===== Input material

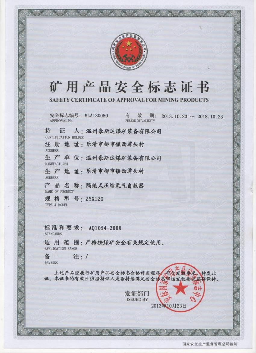 ZYX120矿用产品安全标志证书
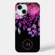 Monogram Modern Feminine Bright Pink Floral Black Case-Mate iPhone Case
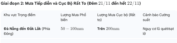 Đợt mưa lần này được chia thành hai giai đoạn chính, với cường độ và phạm vi ảnh hưởng khác nhau, nhưng đều tập trung vào khu vực có địa hình dốc và dễ bị tổn thương.
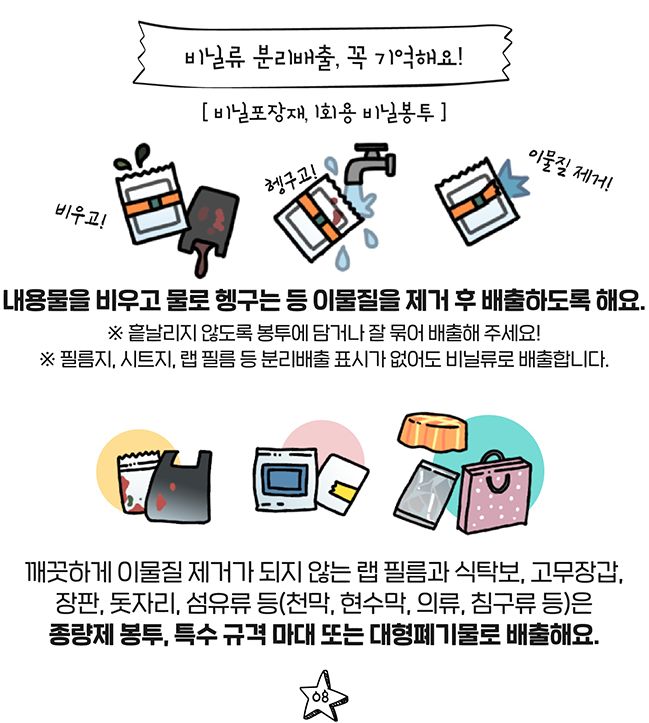 비닐쓰레기 분리수거하는 방법: 접지 말 것, 꼭꼭 뭉쳐서 안 풀리게 우겨넣지 말 것, 오염있으면 종량제 본문
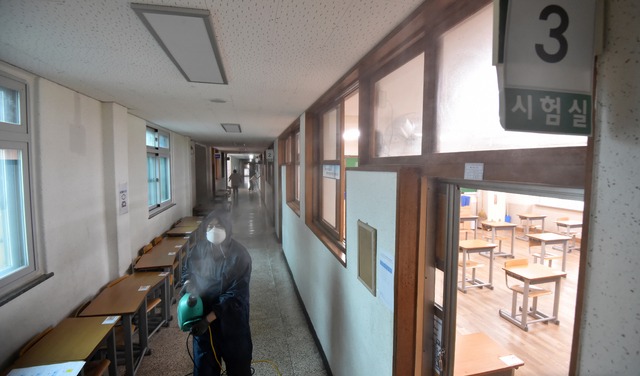 ▲ 12일 오후 지방공무원 시험장인 경기 수원 권선구 구운중학교에서 방역업체 관계자가 방역 작업을 하고 있다. [뉴시스]
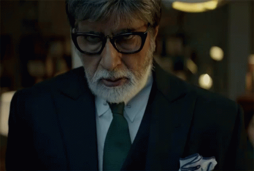 Amitabh Bachchan, wearing glasses and a suit, gives an intense, serious stare from the film Badla.
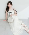 ・フリルや腕にかかる華奢なリボンが女性らしさを引き立てるデザインです。
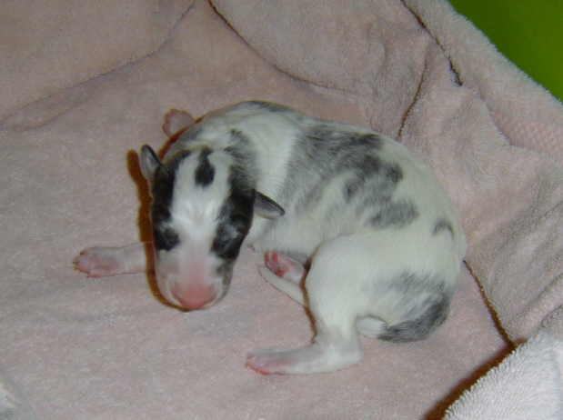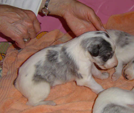 Diego 4/19/10Diego (on top) & Mira 4/19/10Puppies pictured above 4/19/10 @ 2 weeks old.![]()
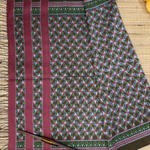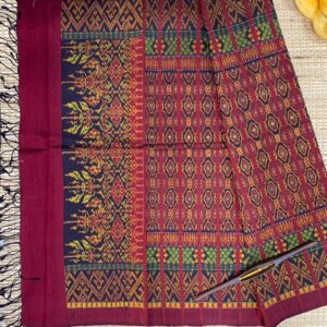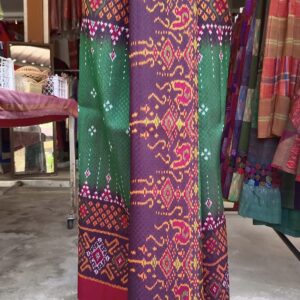 ซิ่น ผ้าไหมมัดหมี่ ไหมแท้ 6ตะกอ มีหน้านาง ชายครุย ขนาด 1×2เมตร สีเขียว-แดง รหัส L9A-AA-M012

==========

● Instructions for the task
With the images excluded, reproduce the data above precisely as written.

● Solved problem
 ZYX120矿用产品安全标志证书
 Monogram Modern Feminine Bright Pink Floral Black Case-Mate iPhone Case
 Đợt mưa lần này được chia thành hai giai đoạn chính, với cường độ và phạm vi ảnh hưởng khác nhau, nhưng đều tập trung vào khu vực có địa hình dốc và dễ bị tổn thương.
 비닐쓰레기 분리수거하는 방법: 접지 말 것, 꼭꼭 뭉쳐서 안 풀리게 우겨넣지 말 것, 오염있으면 종량제 본문
 ▲ 12일 오후 지방공무원 시험장인 경기 수원 권선구 구운중학교에서 방역업체 관계자가 방역 작업을 하고 있다. [뉴시스]
 Amitabh Bachchan, wearing glasses and a suit, gives an intense, serious stare from the film Badla.
 ・フリルや腕にかかる華奢なリボンが女性らしさを引き立てるデザインです。
 Diego 4/19/10Diego (on top) & Mira 4/19/10Puppies pictured above 4/19/10 @ 2 weeks old.![]()
 ซิ่น ผ้าไหมมัดหมี่ ไหมแท้ 6ตะกอ มีหน้านาง ชายครุย ขนาด 1×2เมตร สีเขียว-แดง รหัส L9A-AA-M012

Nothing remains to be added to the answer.